Mealworms are ideal food for chickens and farm-raised fish, and Beta Hatch raises lots of them. (GeekWire Photo / Kurt Schlosser)

Emery said insects have the potential to be the world’s most sustainable protein, and growing them — and Beta Hatch — has been both satisfying and challenging.

“We have learned so much about the science of raising insects, but we have also learned just how much more we need to understand to optimize our technology,” Emery told GeekWire. “This is the beginning of a new crop, but given we took millennia to domesticate some of our other food species, we are working at light speed in relative terms.”

Beta Hatch currently employs 14 people and plans to bring on 10-20 more in new roles once the Cashmere operation is complete.

The expanding startup has learned to work efficiently together, Emery said, and she’s been excited to pass off more of the hats she wears as CEO. She recently hired a VP of Business Development and VP of Technology who can help the company continue to scale and excel.

And personal challenges over the past year have been part of the experience as well.
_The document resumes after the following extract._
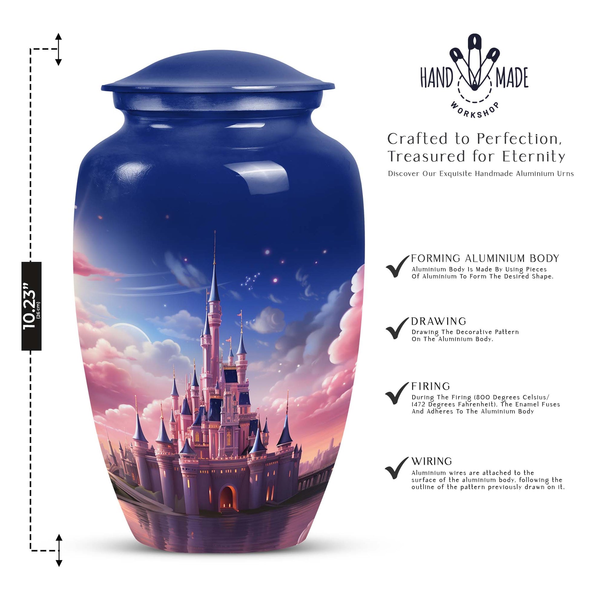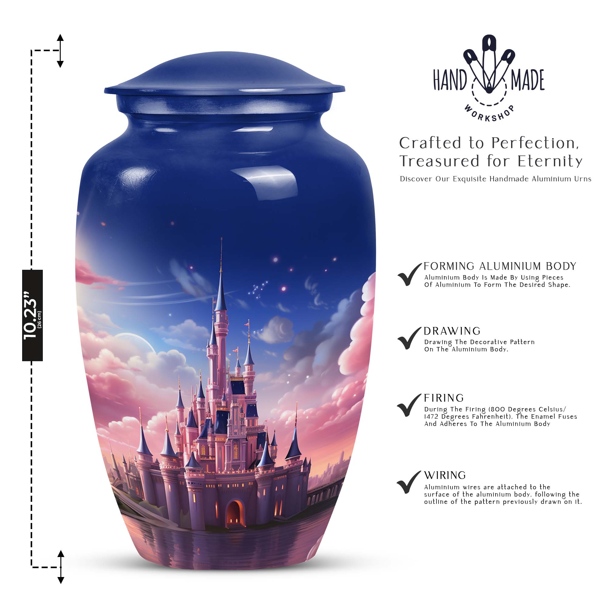 Illuminate your path of remembrance with the Dream Castle In The Sky - an exquisite Urn for Ashes. Crafted with the utmost reverence, this eternal resting place serves as a symbol of infinite love. This vessel of tranquility is well-suited for adult human ashes, ensuring a long-lasting tribute to your departed loved ones. Our ash urns are painstakingly designed with meticulous attention to create an enduring memorial for those who touched our lives. Unlike regular cremation urns for humans, this Dream Castle In The Sky boasts a distinctive design, providing the departed a solemn sanctuary among the celestial realms. Indulge in the benefits of our discrete urns for adults, which bridge the gap between earth and sky and evoke a sense of tranquility. Commemorate your departed loved ones with our unique burial urns for adult human ashes - the epitome of eternal homage. The Dream Castle In The Sky, far from ordinary, offers a soulful way to remember our dearly departed.

Emery was pregnant while raising venture capital, and had her first child early this year just before the COVID-19 pandemic hit.

“I’ve been forced to become more efficient as a leader and to wrestle with a lot of tough issues around sexism and startups,” she said. “I think with the pandemic shining a light on work-life balance challenges, more people are recognizing a lot of the continued and systemic challenges for women leaders, so I am excited to blaze a path forward for other female entrepreneurs.”

Along with the funding news, Beta Hatch has made significant scientific breakthroughs, as the company recently completed the first published assembly of the yellow mealworm genome. It will be published as part of an open source article in the “Journal of Insects as Food and Feed” this summer and serve as a resource for furthering research on the mealworm and other commercially relevant insect species.